Эльга проглотила обидный ответ.
– Тогда для чего?
Унисса расхохоталась.
– А солнце для чего? А дождь? А ветер? А рябь на реке? Спроси еще, для чего живут люди. Хотя… – Лицо ее вдруг сделалось серьезным. – Знаешь, когда-то я задала тот же самый вопрос. Только вот совершенно не помню, что мне ответил мастер Крисп. Но он был большой молчун, так что, возможно, он не проронил ни слова.
– А где он сейчас? – спросила Эльга.
– Умер.
Эльга насупилась. Нитка дважды перекрестила ткань у намечающейся горловины, и игла потянула ее обратно, в повторный проход.
– На самом деле, – сказала Унисса, отставив портрет к стене, – ответ у каждого свой. Спроси у каменщика, зачем он стал каменщиком. Или у мельника – для чего он мельник. Или у скобаря – почему он скобарь. Знаешь ответ?
Эльга повернула полотно.
– Они скажут: дурочка.
– И будут правы, – кивнула мастер. – Потому что кто-то занимается своим делом по велению души, кого-то научил этому отец, кто-то потому, что не видел в жизни ничего, кроме своего занятия, а кто-то ищет заработка. Мастера, моя хмурая ученица, в этом ничем не отличаются от обычных людей. Но…

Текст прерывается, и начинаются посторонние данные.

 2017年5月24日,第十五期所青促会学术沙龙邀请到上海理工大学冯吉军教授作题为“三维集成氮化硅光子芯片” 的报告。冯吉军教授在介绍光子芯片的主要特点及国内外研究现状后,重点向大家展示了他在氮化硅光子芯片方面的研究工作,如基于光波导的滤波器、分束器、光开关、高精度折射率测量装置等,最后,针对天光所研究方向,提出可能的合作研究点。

Она вывалила горсть листьев из сака прямо на кровать и ребром ладони резко разделила их на четыре кучки. Пальцы ее поплыли над кучками, и Эльга увидела, как листья, подчиняясь движениям рук, переворачиваются и меняются местами, будто карты-беро в колоде.
Несколько, видимо, никуда не годных зеленых и желтоватых чешуек сами отлетели в сторону, остальные с шорохом перемешались.

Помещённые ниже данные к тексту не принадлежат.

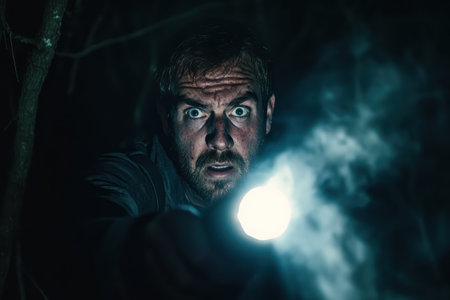 Dramatic portrait of scared man in foggy forest holding flashlight, expressing fear and suspense in a cinematic horror-like scene.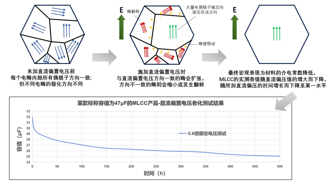 圖1電容老化機理示意圖(每個六邊形代表介質(zhì)層中的一個晶粒)及測試案例
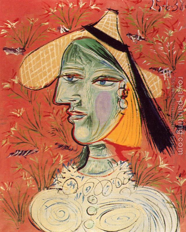 * Hand-painted Pablo Picasso Oil Painting Reproduction : woman in a straw hat against a flowered background

– Отличие мастеров состоит в том, – сказала Унисса, сосредоточенно колдуя над кучками, – что у них есть цель. Каждый мастер одержим своим умением. Как только печать ставится на кожу у запястья, выше умения нет уже ничего.
– А зачем…
– Еще один дурной вопрос?
– Нет, – сказала Эльга, – я просто хотела узнать… Вот если мастер, как вы, день и ночь занимается с листьями, то чего он хочет достичь?
Унисса, убрав листья, молчала долго.
Эльга успела прошить дно и обметать будущую горловину сака.
– Дай-ка, – потребовала мешок мастер.
Эльга, связав узел, откусила нить.
Унисса взяла сак и вывернула его, проверяя плотность и крепость шва, потом, засунув внутрь руку, прощупала углы, кивнула:
– Хорошо.
Красный лист появился в ее пальцах.
– Это чарник, лист очень непростой, ты с ним еще наработаешься, это лист своенравный, но честный, мокрый пахнет резко, сухой – чуть отдает чесноком. Теперь смотри.
Унисса опустила лист в сак и перехватила горловину ладонью.
Несколько мгновений не происходило ничего, потом мешок вдруг ожил, округлил бока, «задышал», по полотну побежали волны, словно внутри завозилось непонятное и нервное существо. Сак задергался у мастера в руке, пытаясь вырваться и выпрыгнуть в окно.
Эльга смотрела, широко раскрыв глаза.
– Одно из свойств чарника – он чувствует яды, растворенные в воде или вине, – сказала Унисса. – А некоторые подкладывают его в сапоги, чтобы дольше служили. Часто, на удачу, его прищепляют к плугу или к мельничному колесу.
Она разжала ладонь, и лист под судорожный выдох Эльги стрелой вылетел из сака и, медленно опускаясь, закружил под потолком.
– Ну вот, ритуал соблюден.
Чарник, будто бабочка, опустился Униссе на ладонь.
– И что теперь? – спросила Эльга.
– Теперь твой сак научился хранить листья. – Мастер перекинула мешок девочке. – А насчет совершенствования… – Она усмехнулась. – Ты слышала что-нибудь про вечные вещи, снадобье от всех болезней, непобедимую защиту?
Эльга мотнула головой.
– Вот к этому и стремятся мастера, – сказала Унисса. – Каждым, и тобой теперь, получается, тоже, движет стремление стать грандалем, великим мастером, исполненным божественного могущества. Когда человек достигает такой высоты мастерства, что становится грандалем, он может изменить мир.
– Я не чувствую в себе ничего такого, – сказала Эльга.
– Оно в тебе есть, это желание, уж поверь мне, – сухо улыбнулась Унисса. – Печать никогда не падает просто так.
– А вы, мастер Унисса, зачем хотите стать грандалем?
Мастер листьев, раскинув руки, рухнула на постель.
– А вот это, глупая ученица, не твоего ума дело. И распори сшитое у горловины – понадобится для лямки. Поняла?